There were only small adjustments based on the latest ensemble
forecast QPF across the respective risk areas. The SLGT risk across
FL is the headline currently with the ongoing heavy rain threat
continuing through the end of the week into the early part of the
weekend. Sheared out convergence zone across South Florida will
plague the region for at least one more period with locally heavy
rainfall anticipated south of the Sarasota to West Palm Beach line.
PWAT indices are expected to slowly degrade as the pattern
initiates the expected shift away from what we've seen over the
course of the week. Still, with the prior rainfall footprint
leading to much lower FFG's across the region, a risk of flash
flooding will be heightened despite some improvement in the
environment. Totals of 2-4" with locally higher are forecast across
parts of South FL leading to the SLGT risk continuation.

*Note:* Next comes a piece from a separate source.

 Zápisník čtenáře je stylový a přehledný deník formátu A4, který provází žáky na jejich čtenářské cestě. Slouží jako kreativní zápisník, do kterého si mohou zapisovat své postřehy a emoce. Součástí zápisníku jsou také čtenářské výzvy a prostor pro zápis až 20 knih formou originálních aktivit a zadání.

The Northeast U.S will see the approach of a cold front moving
through Ontario/Quebec, reaching the Northeastern U.S during peak
diurnal destabilization. Scattered showers and storms capable of
isolated heavy rain instances will occur from PA up through New
England and points east, especially into Southeast New England
where guidance maintains the highest precip forecast (1-2")
aligning well with the recent ML output from both the Graphcast and
AIFS from the ECMWF. The progressive nature of the convection will
limit the threat to marginal territories, although the urbanization
factors in-of the Lower Hudson up through Southern New England
could produce some locally enhanced risks if a storm overperforms.
The MRGL risk remains, but was extended south into northeastern PA
to account for the latest trends in guidance.

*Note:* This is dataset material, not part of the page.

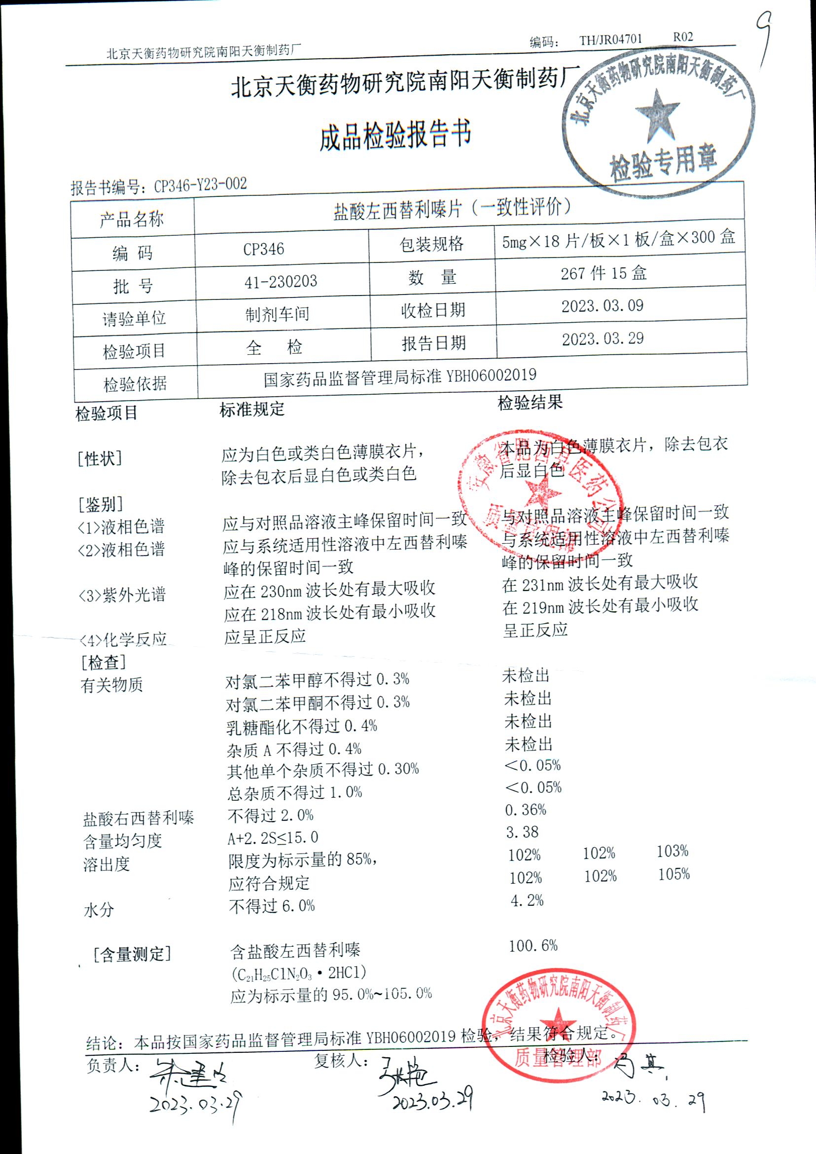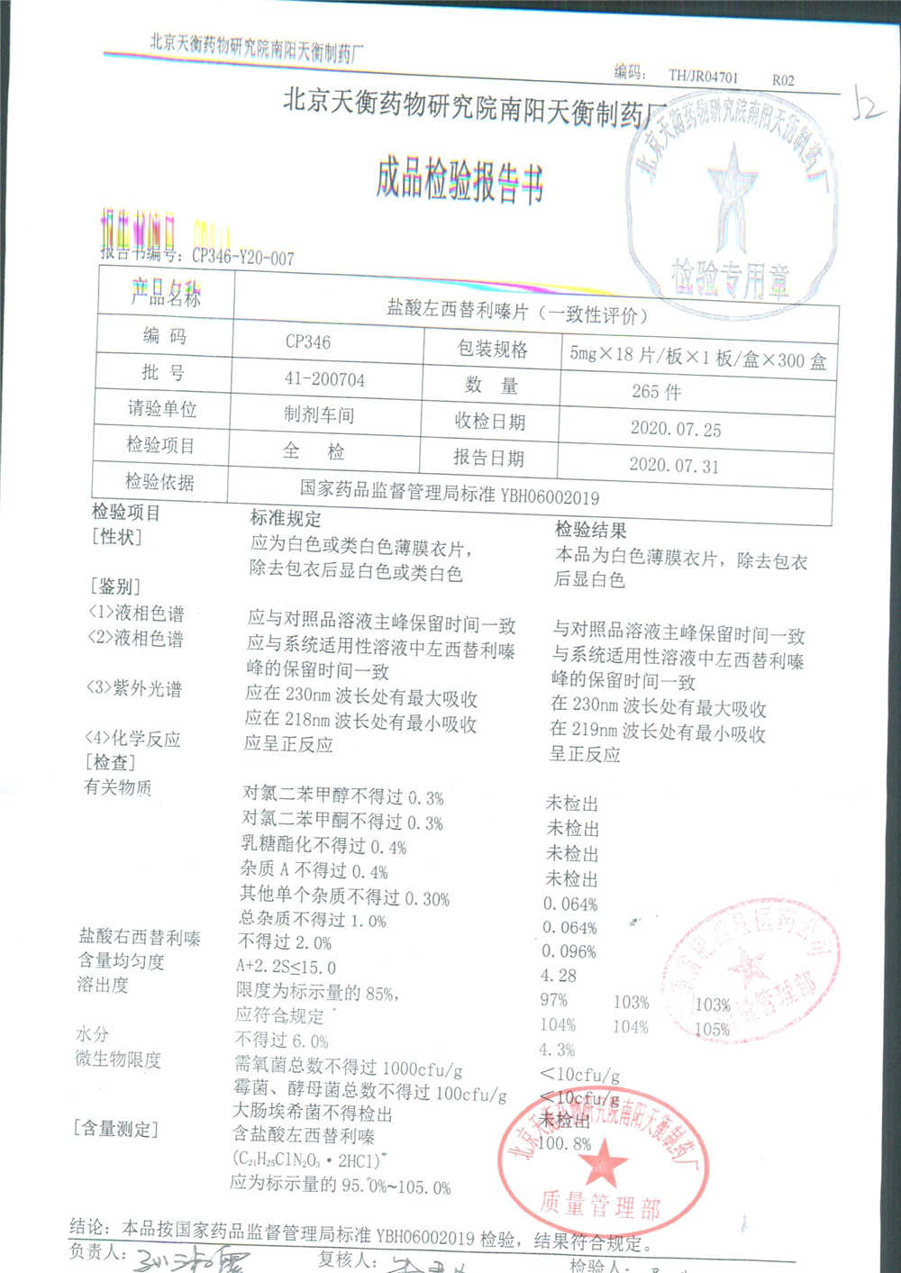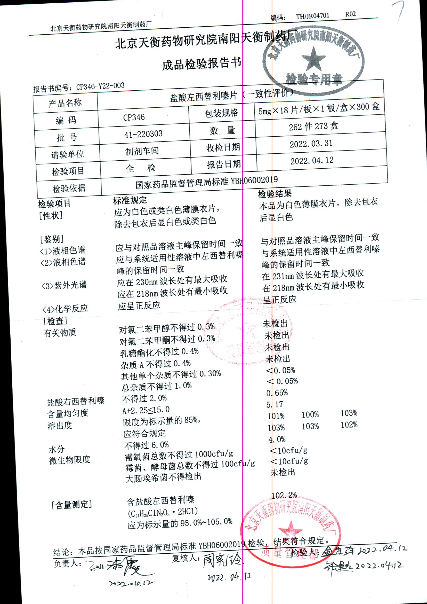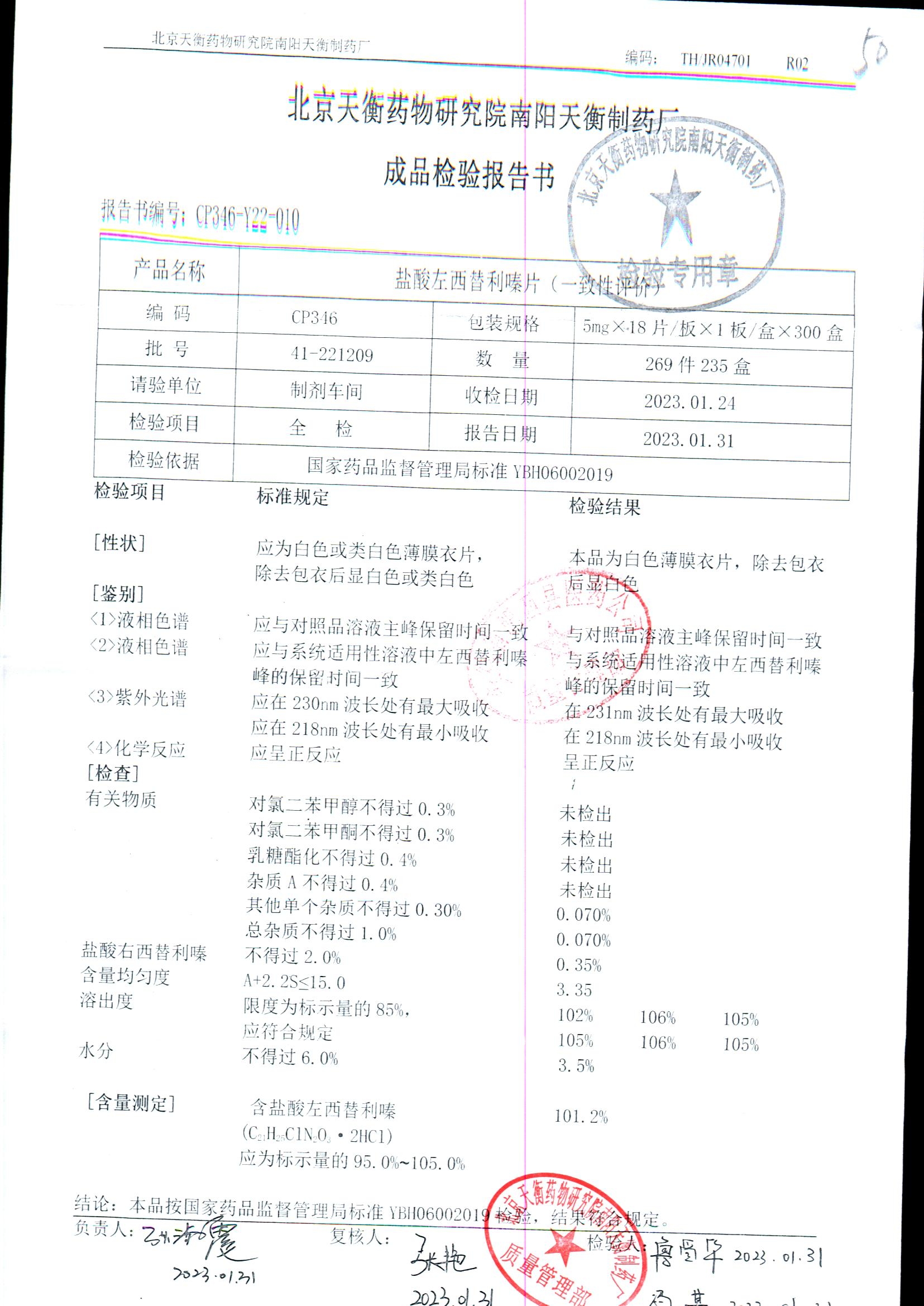 鹽酸左西替利嗪片 5mg*18s 41-191002 查看詳情

There are little changes with regards to the heavy rain potential
in the plains as a strong upper level disturbance exits northeast
out of the Four Corners with a strengthening low in the lee of the
Rockies. Scattered heavy rain signatures with some isolated totals
exceeding 2" are forecast currently, but would not be surprised if
a small SLGT risk ended up being introduced in future runs as we
introduce CAMs output and associated HREF probability fields. The
MRGL will suffice for the time-being.


...Previous Discussion...

...South Florida...

The frontal boundary will begin to sink south as a cold front
through central Florida during this period. Meanwhile tropical
moisture will persist across the state while now moving up the
eastern Seaboard. Guidance suggests this period to be less wet than
the last few days however the areal averages for southern and
central Florida are less than 2 inches. Given the multi-day heavy
rain event the threat for excessive rainfall and flooding concerns
will remain elevated for this period, therefore a Slight Risk
continues for South Florida and a Marginal Risk for central

...Rockies and Plains...

Anomalous moisture over much of the Rockies and adjacent Plains
will migrate eastward with time as a low pressure system exits
into the High Plains. Some higher QPF is expected near the higher
terrain of northeast New Mexico and eastern Colorado. Much Nebraska
and the surrounding area will have be near or north of the warm
front and could easily pick up 1 to 3 inches of rainfall. A vast
majority of this region has 3-hr FFG near 1.5/2 inches however
there are very isolated locations as low as 0.25 inch. A Marginal
Risk is in effect from northeast New Mexico to Iowa/Minnesota/South

...New England...

The shortwave and associated cold front will sweep through the
Great Lakes region and lift through the Northeast during this
period. Showers and thunderstorms are expected to spread much of
the Northeast however focusing the higher QPF values across
southern New England where tropical moisture will be advecting
northward into the region. Guidance does show variance on the
location and the max value but consensus seems to favor southern
New Hampshire/Maine where FFG is as low as 1.5/2 inches at this
time. Isolated instances of flooding may arise. A Marginal Risk
spans from southeast New York to Downeast Maine.